## Creating a Financial Data Analysis Application Using ChatGPT-o1

In this project, we will build interactive dashboards & visualizations that help us understand the stock market better. We will build a system that:

*   For given stocks, we understand its stock price

## Step 1: Build a stock price visualization tool

_Prompt Used: I would like to build a stock price visualization tool using Python. The outcome of this application needs to be an interactive visualization that is embedded in a Google Colab, where there are two drop downs, one for a given stock, and one for different time horizons (1M, 3M, 6M, etc..). Use matplotlib and seaborn for the visualizations, and Yahoo Finance to access the data. Please provide me detailed instructions on how I can paste the code into Google Colab._

In [1]:
# Install yfinance
!pip install yfinance



In [2]:
# Import libraries
import yfinance as yf
import matplotlib.pyplot as plt
import seaborn as sns
import pandas as pd
from ipywidgets import interact, widgets
import datetime

In [3]:
# List of stock tickers
stock_list = ['AAPL', 'GOOGL', 'MSFT', 'AMZN', 'TSLA', 'META', 'NVDA', 'JPM', 'V', 'JNJ']

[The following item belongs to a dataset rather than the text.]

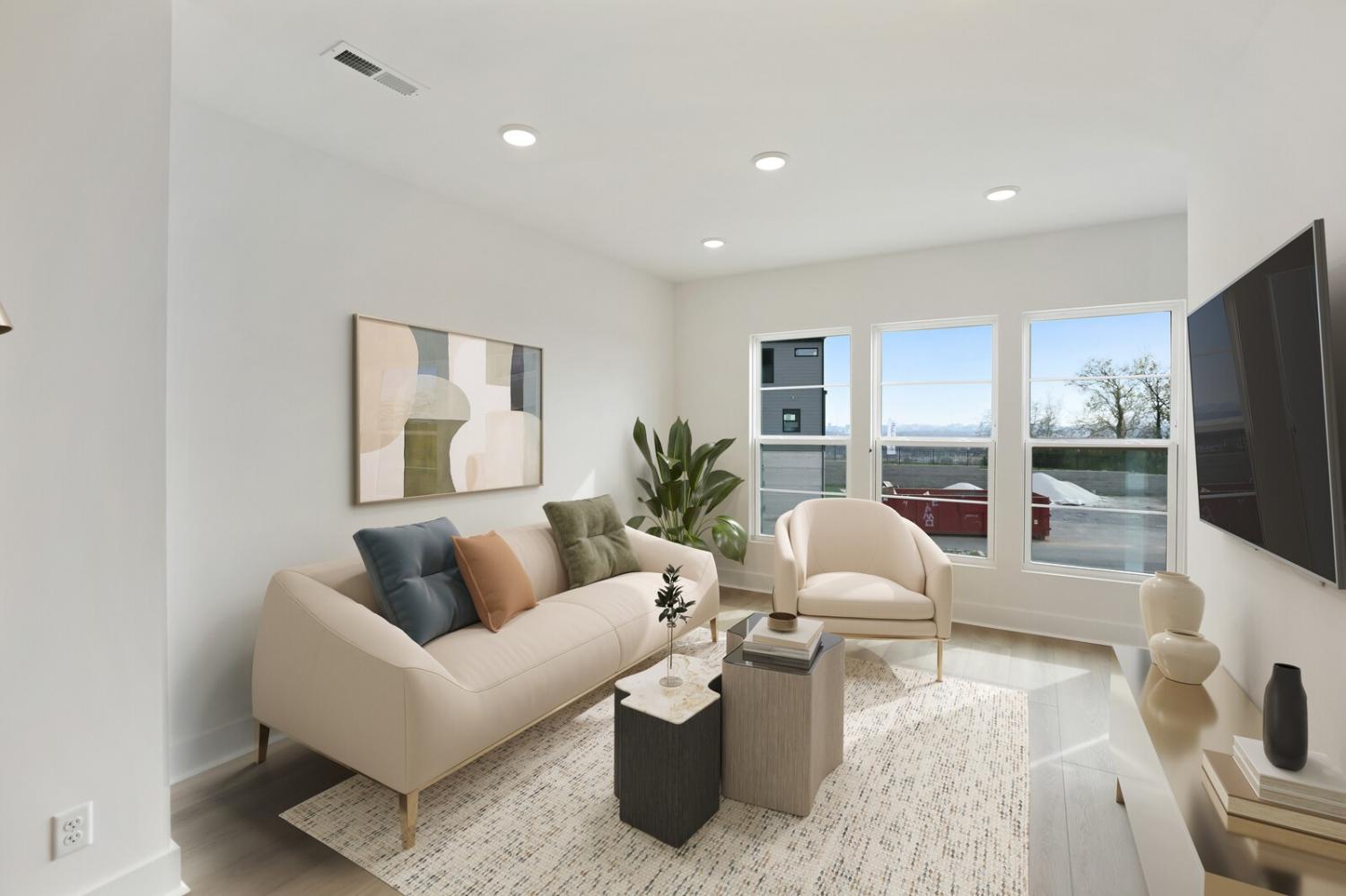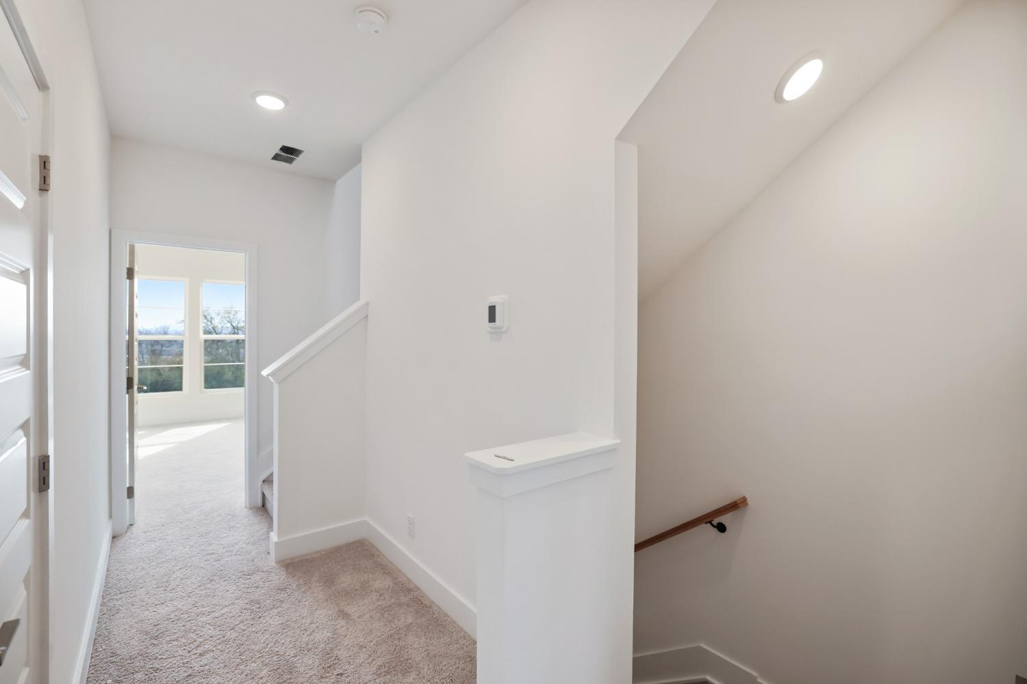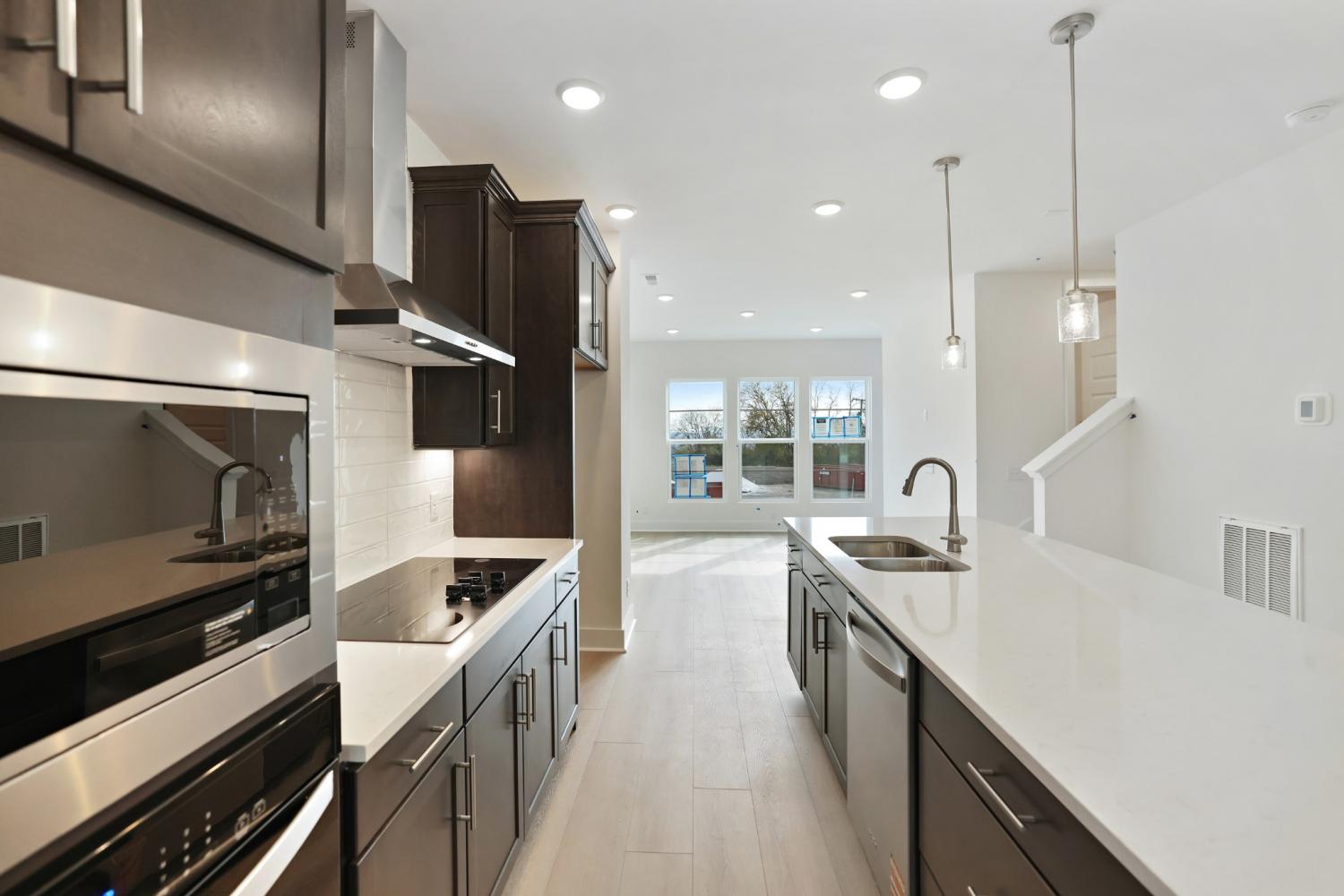 Up to 2% lender credit on the loan amount when buyer uses Seller's Preferred Lender. Introducing Skyline, a modern townhome community set atop a scenic rise with sweeping views of Nashville’s iconic skyline. Tucked in a quiet, wooded pocket just minutes from Downtown and Germantown, this home blends contemporary style with everyday comfort. Inside, you’ll find thoughtful upgrades throughout—wide-plank flooring, wood-accent cabinetry, quartz surfaces, brushed-nickel details, and a beautifully tiled walk-in shower in the owner’s retreat. The kitchen features built-in stainless appliances and opens directly to the main living area, creating an easy flow for gathering or entertaining. Both bedrooms include spacious walk-in closets, offering plenty of storage. A dedicated office nook with built-ins and natural light provides the perfect place to work or unwind. The private rooftop terrace elevates the experience even further, giving you a peaceful spot to enjoy the outdoors and city views. Built by John Wieland Homes, known for craftsmanship and reliable warranties, this residence delivers modern urban living wrapped in quality, convenience, and a secluded natural setting.

# Time horizons with corresponding days
time_horizons = {
    '1 Month': 30,
    '3 Months': 90,
    '6 Months': 180,
    '1 Year': 365,
    '2 Years': 730,
    '5 Years': 1825
}

In [4]:
# Define the dropdowns
stock_dropdown = widgets.Dropdown(
    options=stock_list,
    value='AAPL',
    description='Stock:',
)

time_dropdown = widgets.Dropdown(
    options=list(time_horizons.keys()),
    value='1 Month',
    description='Time Horizon:',
)


In [5]:
def plot_stock_price(stock_symbol, time_period):
    # Calculate start and end dates
    end_date = datetime.datetime.today()
    start_date = end_date - datetime.timedelta(days=time_horizons[time_period])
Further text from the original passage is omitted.